La muerte al fin, la obra de Wenceslao Tejerina, es una invitación a La gaviota de Chéjov sin la aparente parafernalia del teatro. Se da en El Taller de Omar, que es, ¡bendita Buenos Aires!, una casa. Allí sentados, entre los actores que comen empanadas y beben vino con nosotros o juegan al bingo (fraguado para el argumento), bulle lo más poderoso de este ruso, tan lejano y paradójicamente tan común a todas las tradiciones teatrales que conocemos. Ninguna de estas tradiciones variopintas ha podido jamás evadir a Chéjov.

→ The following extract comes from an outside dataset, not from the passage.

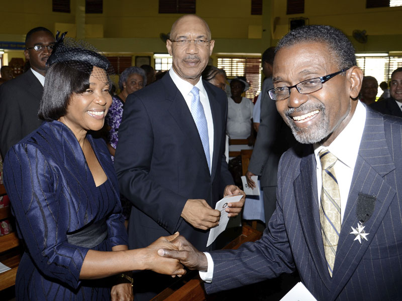 Victor Rhone (right), chairman of the St John Council of Jamaica, greets Lady Allen and Sir Patrick Allen, governor general of Jamaica, after the most Venerable Order of St John of Jerusalem National Council for Jamaica annual commemoration service at St Luke's Church in Kingston on Sunday, June 26. - Rudolph Brown/Photographer
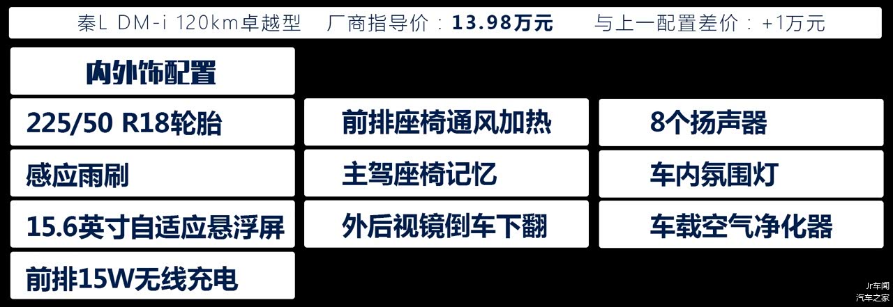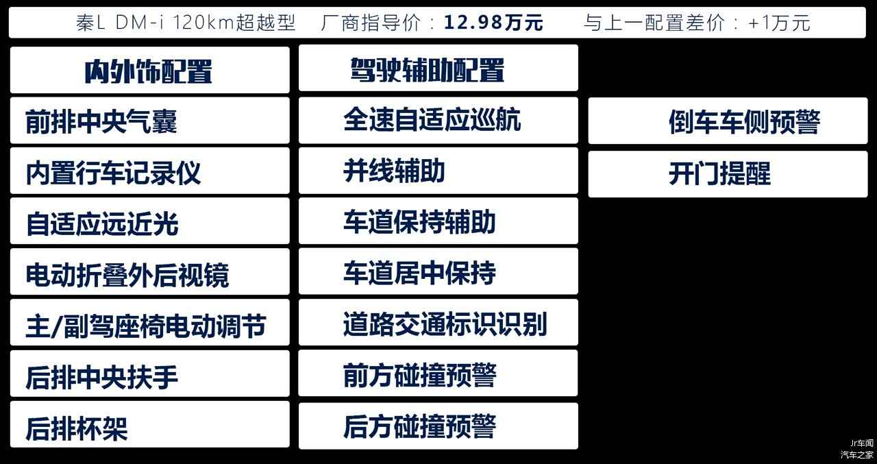 较之于上一个配置,秦L DM-i 120km超越型的售价又增加了一万元,虽然动力及纯电续航都没有变化,但在驾驶辅助以及安全性方面都有比较显著的提升,同时还增加了一些实用性配置,花一万元换来这些提升,我认为是物超所值的。更重要的是,结合它的综合表现和价格来分析,我认为它是秦L车系里最值得推荐的车型。

Así estamos. Y una sensación persiste: somos el futuro de este texto. Somos esos seres que lo han incorporado a su cultura, que conocen y esperan sus metáforas, sus imágenes, su quedo desenlace. La gaviota asesinada porque sí, la venda en la cabeza de Kostja, la pesca ociosa de Trigorin, el monólogo futurista de Nina ante los impávidos espectadores de otro tiempo. Otro tiempo: ese es el milagro que ponen en ejecución Tejerina y sus actores. Al prescindir de telones, butacas, acomodadores y Sugus, todo lo esencial se oferta pulido como un hueso. Todo está allí; somos los espectadores que miramos susurrar a los espectadores de ese monólogo futurista que ahora es historia. Somos los habitantes de una cultura que más o menos conoce los dimes y diretes de este clásico. Sabemos que cuando se estrenó, el 17 de octubre de 1896, levantó abucheos que hicieron que Chéjov se escondiera entre oscuras bambalinas. Juró que iba a desistir del teatro. ¿Y todo esto por qué? ¿Porque las acciones importantes ocurren fuera de escena? ¿Porque lo que queda a la vista es sosegado y aparente, mientras que todos los roles están en ebullición por dentro? ¿Porque las convenciones teatrales de esa época no admitían lo que Chéjov acababa de inventar: una intimidad misteriosa, exaltada, que nunca enunciaba en sus diálogos el tema de le enunciación, sino que simplemente le daba vida? Tuvo que esbozar Stanislavski una teatralidad nueva para que Anton Chéjov se hiciera algo legible. Ahora es para siempre nuestro idioma.
Siento envidia por estos jóvenes actores que en vez de andar de farra se reúnen los domingos a perder dinero en sala íntima, a cambiarlo por un momento de verdad entre contemporáneos. ¿Dije jóvenes? Miento. Algunos sí, otros tienen mi edad y un poco más. Pero lo que hacen es que los espectadores, llegados del frío futuro e invocados por un peluche alado, sintamos la edad en todas sus misteriosas, sus maravillosas formas.